- City: Kenosha, Wisconsin
- League: Continental Hockey League
- Operated: 1974–1981
- Home arena: Kenosha Ice Arena

Franchise history
- 1974–1975: Kenosha Flyers
- 1975–1976: Lake County Flyers
- 1976–1979: Kenosha Flyers
- 1979–1981: Kenosha Chargers

Championships
- Regular season titles: 1974–1975
- Playoff championships: 1975

= Kenosha Flyers =

The Kenosha Flyers were an American semi-professional ice hockey team located in Kenosha, Wisconsin. The franchise was in operation for seven seasons in the Continental Hockey League but spent only four as the 'Kenosha Flyers'. The team won the league championship in its first season, defeating Peoria 4–2. Unfortunately, due their home rink being unavailable, the Flyers were forced to move a few miles south to Zion, Illinois for the following season. After a year as the Lake County Flyers, the team was back in Kenosha but they couldn't recapture the magic of their first season. Kenosha progressively sank down the standings and were sold and renamed after the 1979 season.

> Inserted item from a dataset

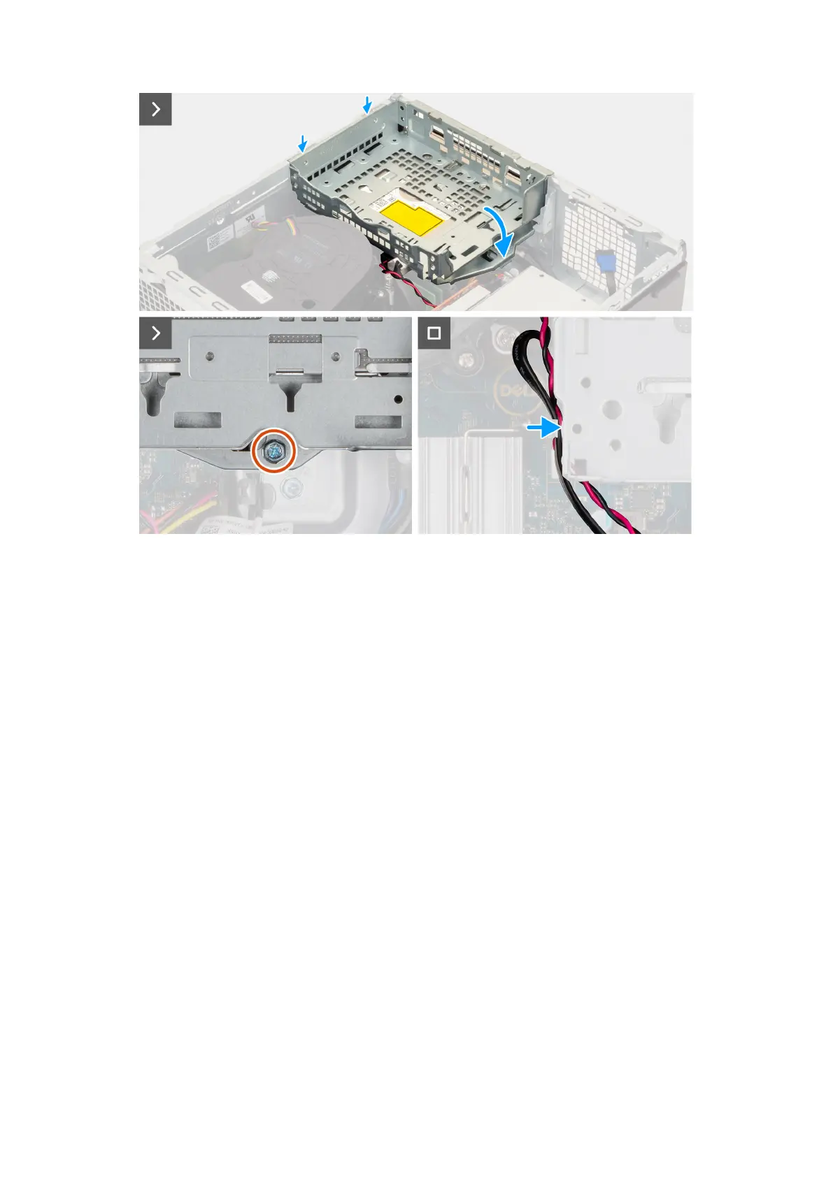 8. If the optical drive is installed, route the power and data cables through the routing guide on the disk-drive cage.

==Season-by-season record==

| Season | GP | W | L | T | Pts | GF | GA | Place | Playoffs |
| 1974–75 | 22 | 15 | 3 | 4 | 38 | 152 | 95 | 1st | Won Championship |
| 1975–76 | 32 | 12 | 18 | 2 | 41 | – | – | 4th | Lost Semifinals |
| 1976–77 | 32 | 13 | 18 | 1 | 25 | 187 | 228 | 3rd | None |
| 1977–78 | 34 | 17 | 14 | 3 | 37 | 199 | 189 | 4th | None |
| 1978–79 | 40 | 7 | 31 | 2 | 16 | 100 | 231 | 5th | missed |

Note: team played the 1975–76 season as the 'Lake County Flyers' due to their home rink being unavailable.

==Players==
Most of the players never got about the senior amateur level, however, Reg Fleming and Brian Glenwright both spend time in the majors prior to appearing for the Flyers.